Specialising days like that seems like a good idea at first glance, but I get the feeling I'd burn out on meetings pretty quick if all my week's meetings were scheduled on one day. Being able to use a meeting as a break from concrete thinking to switch to more abstract thinking for a while is very refreshing.

Comment by omegastick (isaac-poulton) on The Towel Census: A Methodology for Identifying Orphaned Objects in Your Home · 2019-12-23T04:36:46.556Z · LW · GW

IMO, this is pretty necessary in any shared space. My company does this twice a year for for the office umbrella rack, fridge, and cupboard.

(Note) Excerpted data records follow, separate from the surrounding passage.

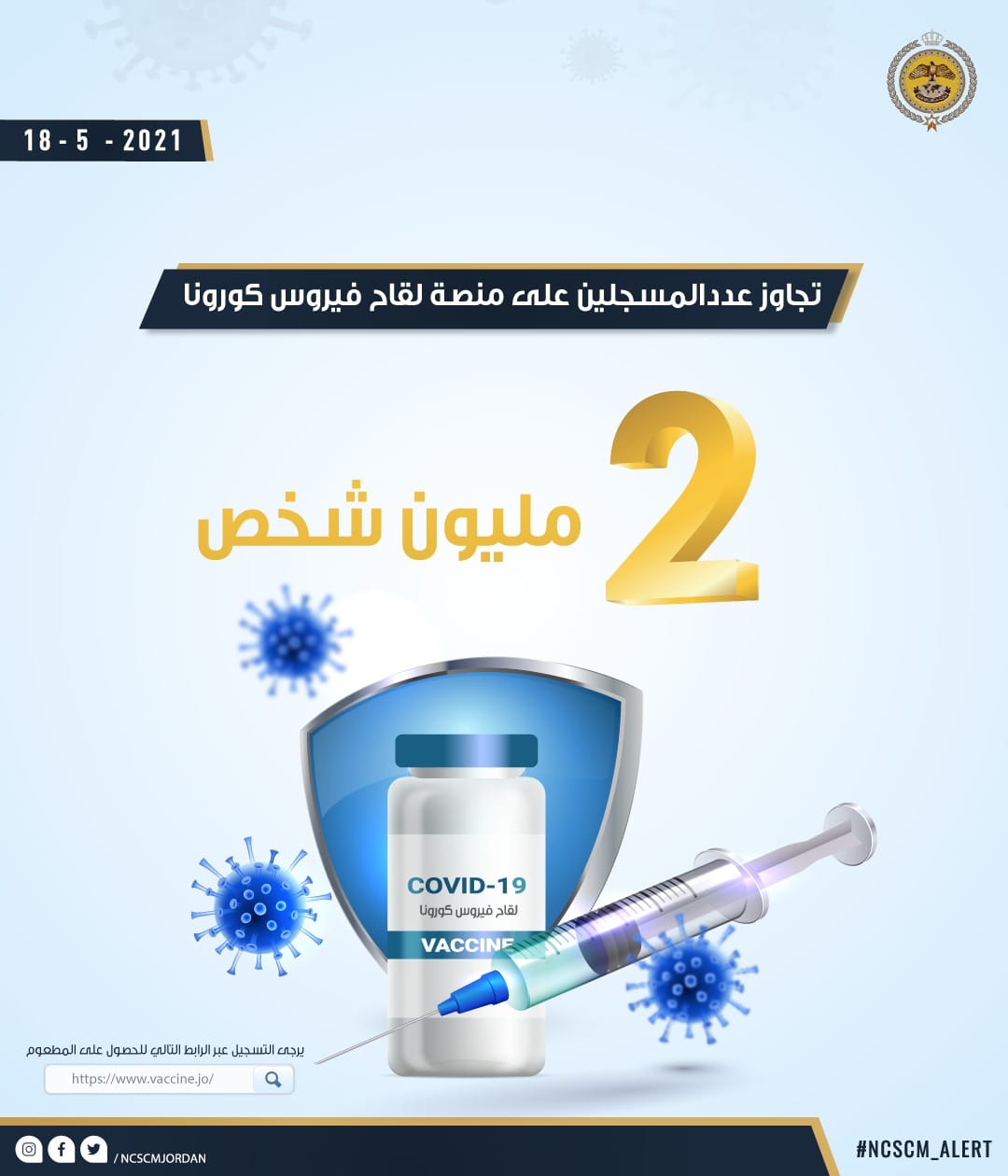 أحداث اليوم - قالت عمليات خلية الأزمة، في المركز الوطني للأمن وإدارة الأزمات انه قد تجاوز عدد المسجلين على منصة تلقي اللقاح المضاد لفايروس كورونا 2 مليون شخص.
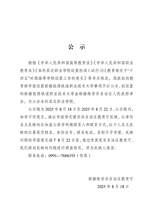 新疆?dāng)M設(shè)置新疆能源鐵道職業(yè)技術(shù)大學(xué)
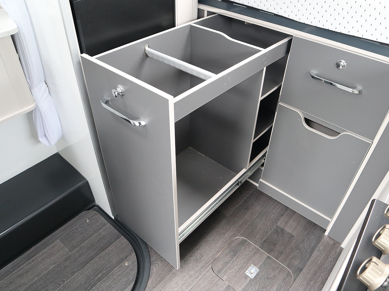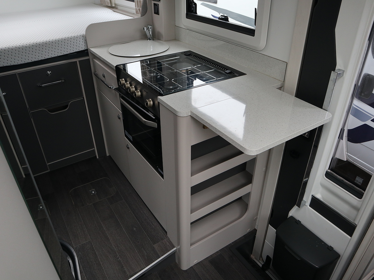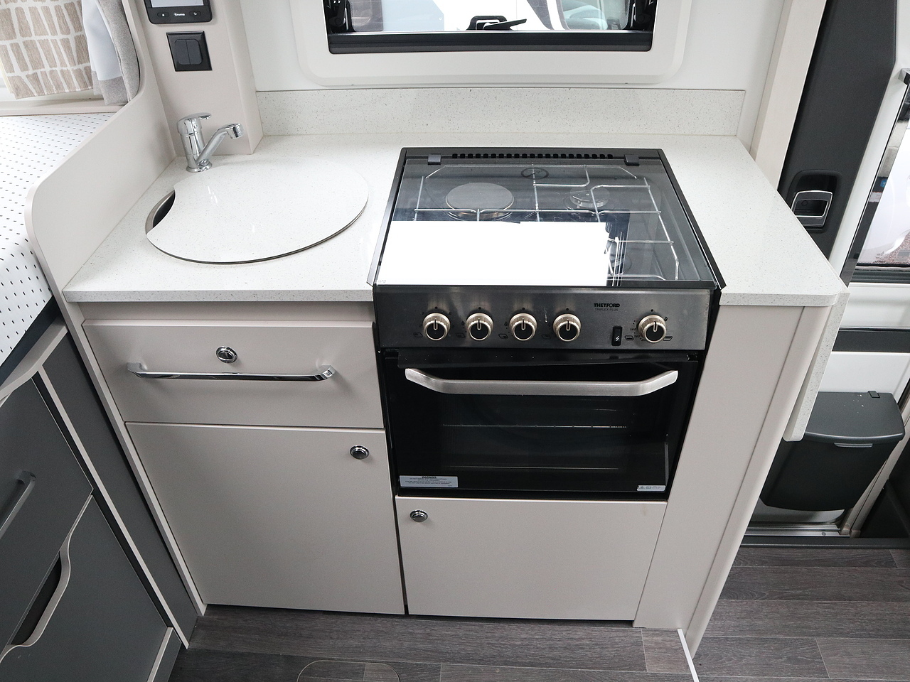 Kitchen: Fully equipped with a Thetford 138L-141L compressor fridge, a 3-ring gas hob with electric hotplate, and a combination oven and grill.
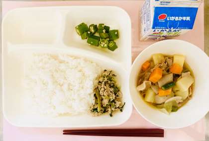 梅肉を使って調味液を作り、オーブンで蒸したオクラと和えています。ほのかに感じる梅の風味で、暑い季節にも食べやすい献立でした。
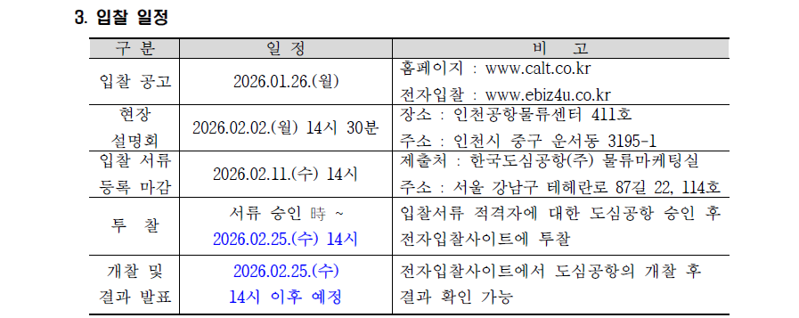 한국도심공항 인천공항물류센터 증축 및 부대 공사 시공사(소방) 선정 입찰 공고 (일정 2차변경)
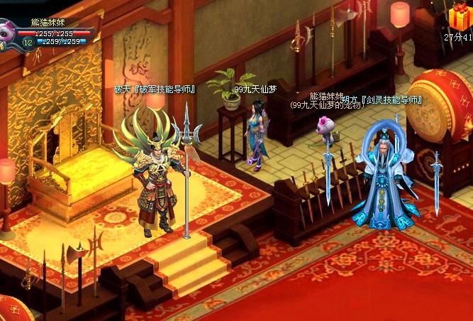 左边的讲武堂则是物理攻击职业学习技能的去处,破军职业,七煞职业和剑灵职业需要在这里进行短期修习,每个职业4399的技能NPC都有本职业的技能书出售。
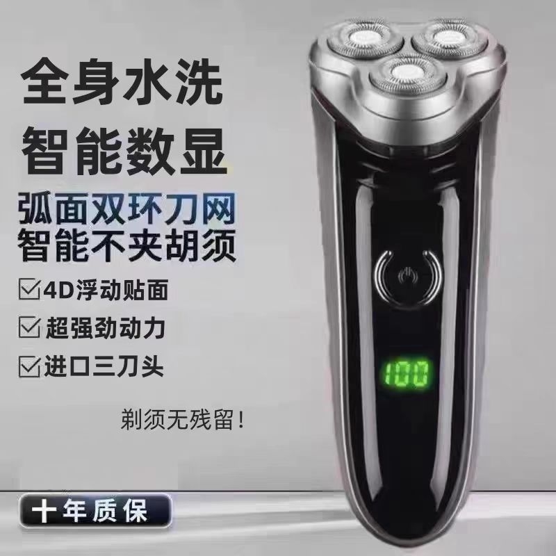 德技5D数显剃须刀男士刮胡刀全身水洗三刀头胡子刀自刮光头充电式
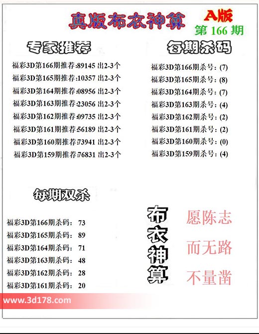 3d之家布衣图库之布衣神算图第2024166期详解:
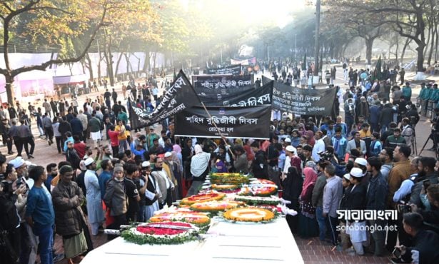 রোববার (১৪ ডিসেম্বর) সকাল ৭টা দিকে প্রথমে রাষ্ট্রপতি, পরে প্রধান উপদেষ্টা পুষ্পস্তবক অর্পণ করে শহিদ বুদ্ধিজীবীদের প্রতি গভীর শ্রদ্ধা নিবেদন করেন।
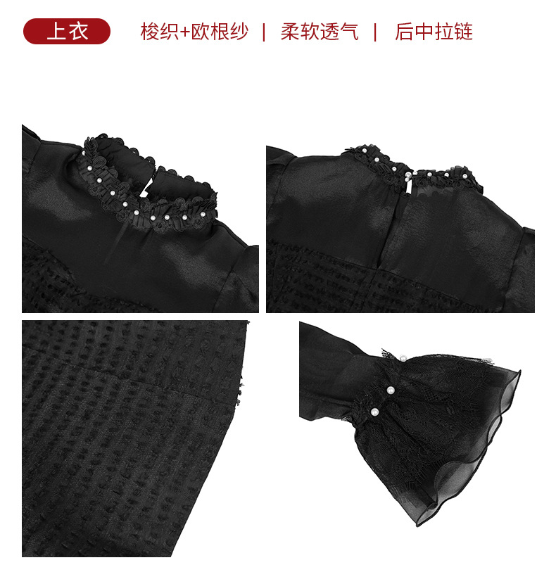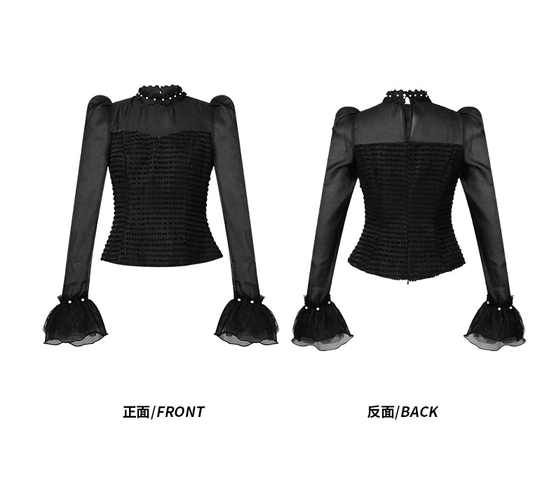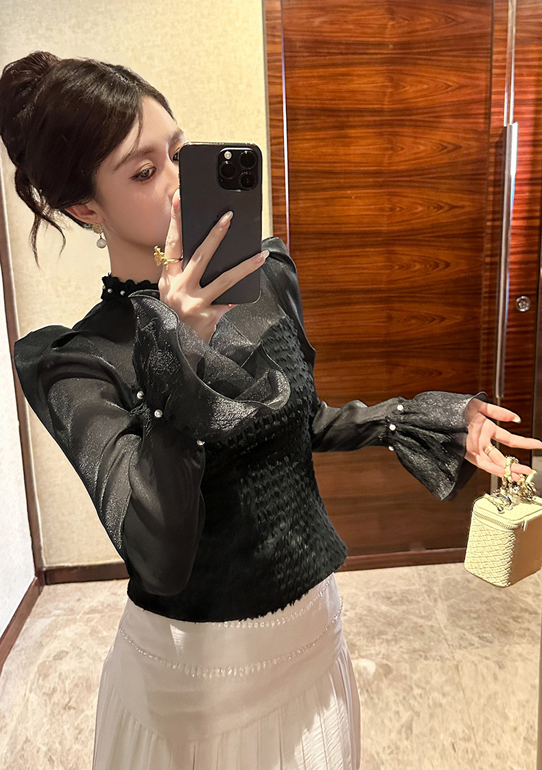 C-4569# miu系立领收腰打底衫秋冬新款百搭上衣仙气喇叭袖拼接内搭11690
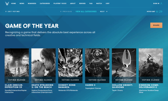目前TGA官网的投票页面依旧存在,只是既不能进行选择操作,也无法完成投票,并且游戏封面都已呈现为黑白样式,不过各个奖项的提名信息仍然可以浏览查看。

Comment by omegastick (isaac-poulton) on What's going on with this failure of Bayes to converge? · 2019-12-19T08:15:42.632Z · LW · GW

This highlights an interesting case where pure Bayesian reasoning fails. While the chance of it occurring randomly is very low (but may rise when you consider how many chances it has to occur), it is trivial to construct. Furthermore, it potentially applies in any case where we have two possibilities, one of which continually becomes more probable while the other shrinks, but persistently doesn't become disappear.

Suppose you are a police detective investigating a murder. There are two suspects: A and B. A doesn't have an alibi, while B has a strong one (time stamped receipts from a shop on the other side of town). A belonging of A's was found at the crime scene (which he claims was stolen). A has a motive: he had a grudge against the victim, while B was only an acquaintance.

A naive Bayesian (in both senses) would, with each observation, assign higher and higher probabilities to A being the culprit. In the end, though, it turns out that B commited the crime to frame A. He chose someone B had a grudge against, planted the belonging of A's, and forged the receipts.

It's worth noting that, assuming your priors are accurate, given enough evidence you *will* converge on the correct probabilities. Actually acquiring that much evidence in practice isn't anywhere near guaranteed, however.

Comment by omegastick (isaac-poulton) on What I talk about when I talk about AI x-risk: 3 core claims I want machine learning researchers to address. · 2019-12-05T19:17:28.744Z · LW · GW

IMO, this is a better way of splitting up the argument that we should be funding AI safety research than the one presented in the OP. My only gripe is in point 2. Many would argue that it wouldn't be really bad for a variety of reasons, such as there are likely to be other 'superintelligent AIs' working in our favour. Alternatively, if the decision making were only marginally better than a human's it wouldn't be any worse than a small group of people working against humanity.